On September 18, 2007, at the Iraqi National Police ("INP") Headquarters, DSS investigators also interviewed fourteen Iraqi nationals who claimed to have witnessed the Nisur Square incident. Defs.' Carpenter Ex. 8. The interviewees were identified by the INP and many were INP officers or traffic policemen posted at Nisur Square at the time of the incident. Id. In a memorandum summarizing these interviews, Agent Carpenter stated that "[s]ome of the questions asked of these witnesses may have been formed as a result of information provided by [Raven] 23, but was limited due to not wanting to divulge what we had been told by [Raven] 23 and to just get the witnesses' observations of the incident." Id.
Over the following days, defendants Slough, Slatten, Ball and Heard submitted to additional questioning by DSS agents regarding their actions at Nisur Square. See Defs.' Carpenter Ex. 9; Defs.' Lopez Ex. 5; Govt's Mem. at 6. On September 20, 2007, several DSS investigators, including Agent Carpenter, interviewed these four defendants in an effort to focus on "the specific details" of the Nisur Square incident in light of the sworn statements submitted two days earlier. See Defs.' Carpenter Ex. 9. Later that day, DSS investigators conducted an incident scene investigation at the Nisur Square traffic circle. Defs.' Carpenter Ex. 8. DSS investigators took photographs, interviewed additional witness and collected physical evidence for analysis. Id.
On September 23, 2007, Agents Carpenter and Scollan re-interviewed Slough "to clarify details relating to the threat types and locations engaged by Slough, weapons used to engage the threats, and the number of rounds fired at each threat." See Defs.' Scollan Ex. 4 (Mem. Report of Interview, Sept. 23, 2007) at 1. The interview report states that at the outset of the interview, "Carpenter admonished Slough of the Kalkine warning concerning the administrative nature of the investigation, and reminded him, that should he provide a false statement, he could be criminally prosecuted for giving the false statement." Id. During this interview, Slough acknowledged for the first time that he had fired an M203 grenade at the white sedan. Id. at 2.

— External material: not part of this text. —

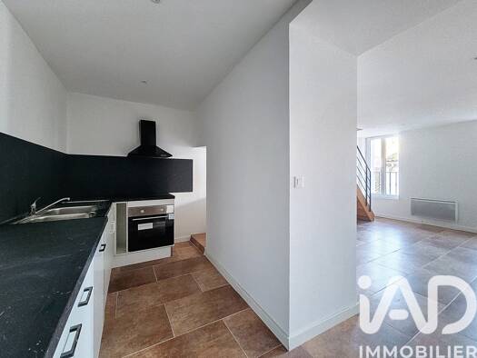 Appartement T3 en duplex à SALLELES D'AUDE : en rez-de-chaussée, coin cuisine ouvert (rangements, hotte aspirante) sur une charmante pièce à vivre avec cheminée, salle d'eau et WC indépendant. A l'ét...

On September 24, 2007, DSS agents conducted additional re-interviews of Slough, Heard and Ball to specifically address the number of grenades fired during the Nisur Square incident. See Defs.' Scollan Ex. 5. During these interviews, the defendants were shown photographs of the scene as well as aerial photographs of the traffic circle and were asked to specify the directions in which they had fired their weapons and the locations of the threats they had allegedly seen. Id.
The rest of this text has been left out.